Review of Okja

Okja (2017)
6/10
Cartoon Commentary
13 December 2019
This is only the third movie of his I've seen, but it's readily apparent that Bong Joon-ho is a masterful filmmaker. Unfortunately, the writer-director also seems to have a tendency towards delivering heavy-handed social commentary, and, unlike the others I've seen thus far ("Snowpiercer" (2013) and "Parasite" (2019)), this one is overburdened with sentiment. Mawkish message movies are generally too uncomplicated--repeatedly hammering emotional appeals instead of trusting the audience's intelligence with any ambiguities or intricacies. So, here, "Okja" champions the bond between a girl and her titular superpig, a new species that seems to look and act as much like a dog as it does "Babe" (1995) and whose personality and intelligence is otherwise quite human. Assuredly, that's intentional, for us to become invested in the CGI character. Film has been appealing to dog lovers since, at least, Rin Tin Tin and animating anthropomorphic beasts as far back as "Gertie the Dinosaur" (1914). "Okja" is like an outrageous version of the sort of kiddie fare Disney might make.

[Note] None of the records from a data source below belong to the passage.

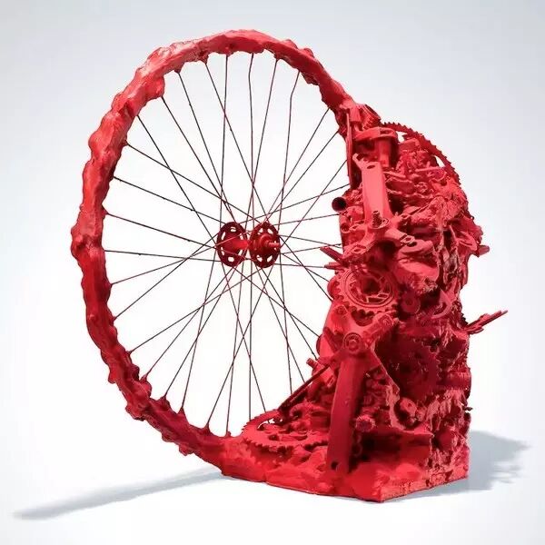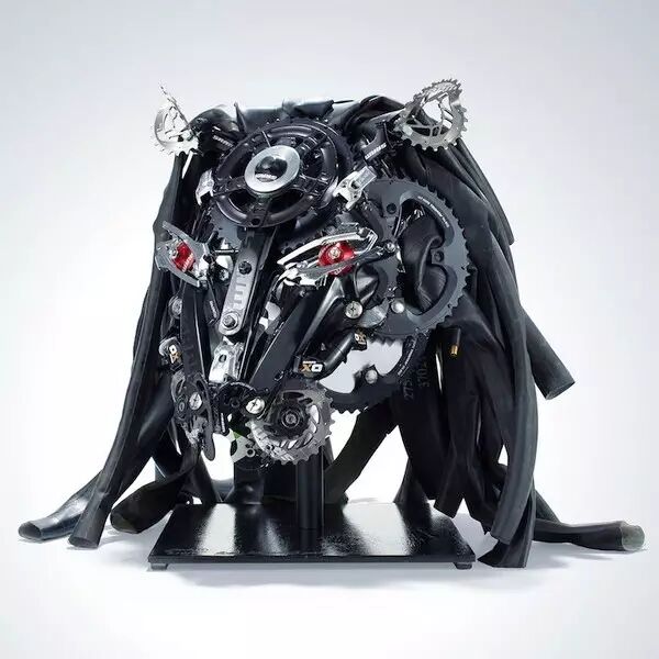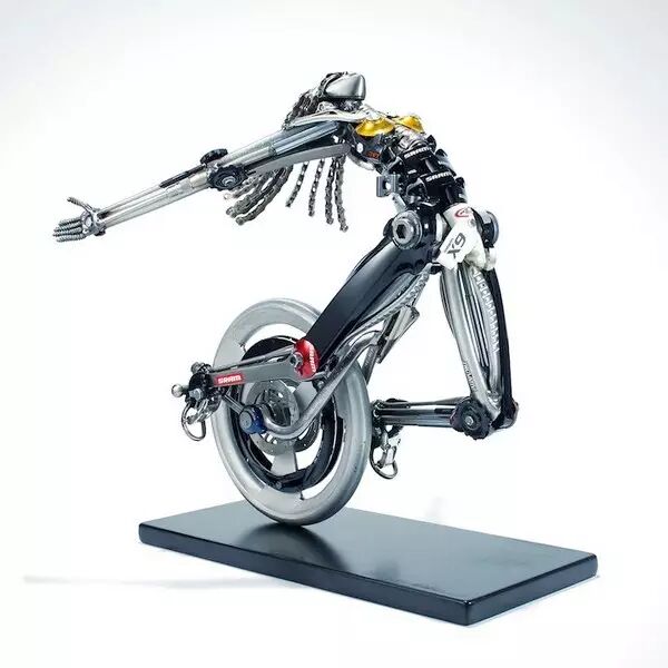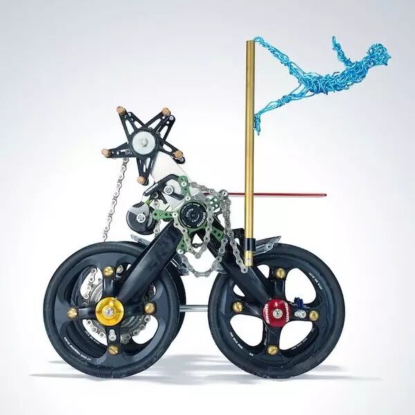 “ 这一个个天马行空充满未来感的艺术品都是用废旧自行车零件拼砌而成,创作者丰富的想象力是在令人佩服。
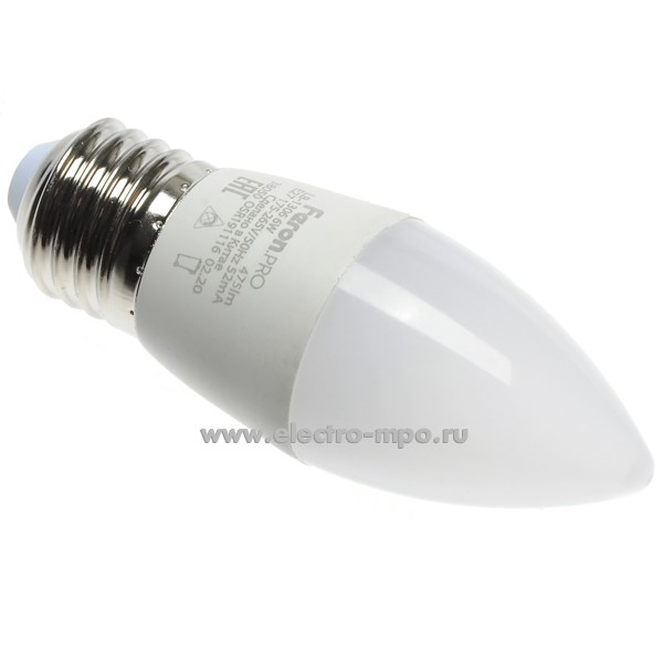 Л0361. Лампа 6Вт 38051 LB-1306 Feron.PRO C37 6W Е27 475Лм 4000К светодиодная "свеча" х/б свет (Feron)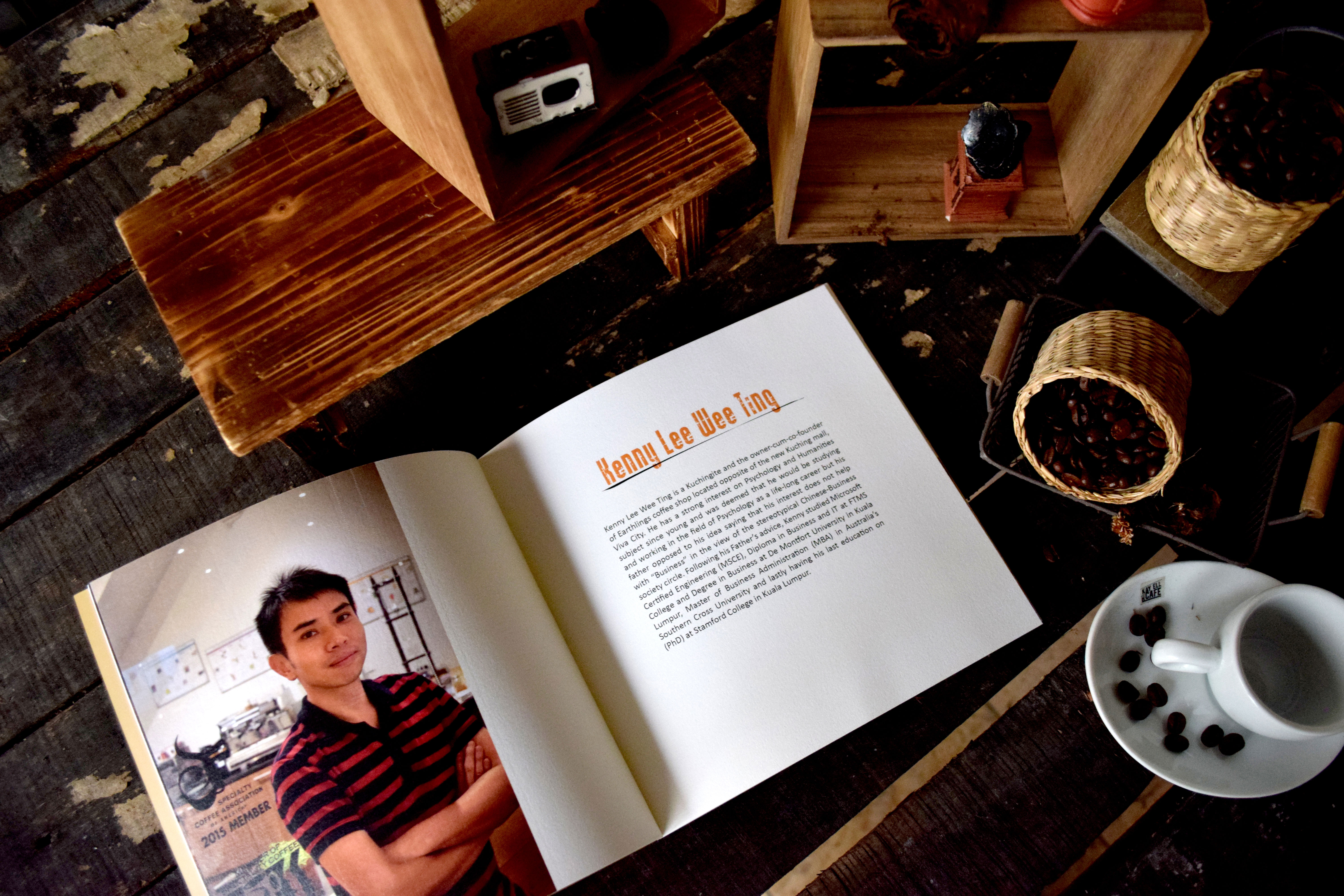 Design a documentary book and introduces Kenny Lee with his coffee's business.

Stranger still is that "Okja" is a fanciful picture but it appropriates some famous and seemingly-unrelated imagery from real life in its satire of a pork-manufacturing company. For instance, there's the imitation of the "Situation Room" photograph of the Obama administration viewing the mission to kill Osama bin Laden, as, here, Tilda Swinton's CEO and other executives watch their Miranda Corporation receiving bad press coverage. Later, a slaughterhouse resembles the Auschwitz concentration camp.

Unless you're interested in didactic lecturing from a movie on the merits or lack thereof of genetically-engineered food or veganism, or another tale of rustic life as good and city and industry as bad, which I'm not, there isn't much more that's sophisticated in "Okja." Sometimes, it's a thrilling and spectacular picture merely to look at, though. The creature is effectively animated, to the point that she's less cartoonish than the cast of baddies led by stars Swinton, in twin roles, and Jake Gyllenhall. My favorite sequence is when Okja is running loose through Seoul, which serves as a nice contrast to her earlier frolicking about in nature. The rampage through a shopping center, including the subsequent slow motion, is a highlight.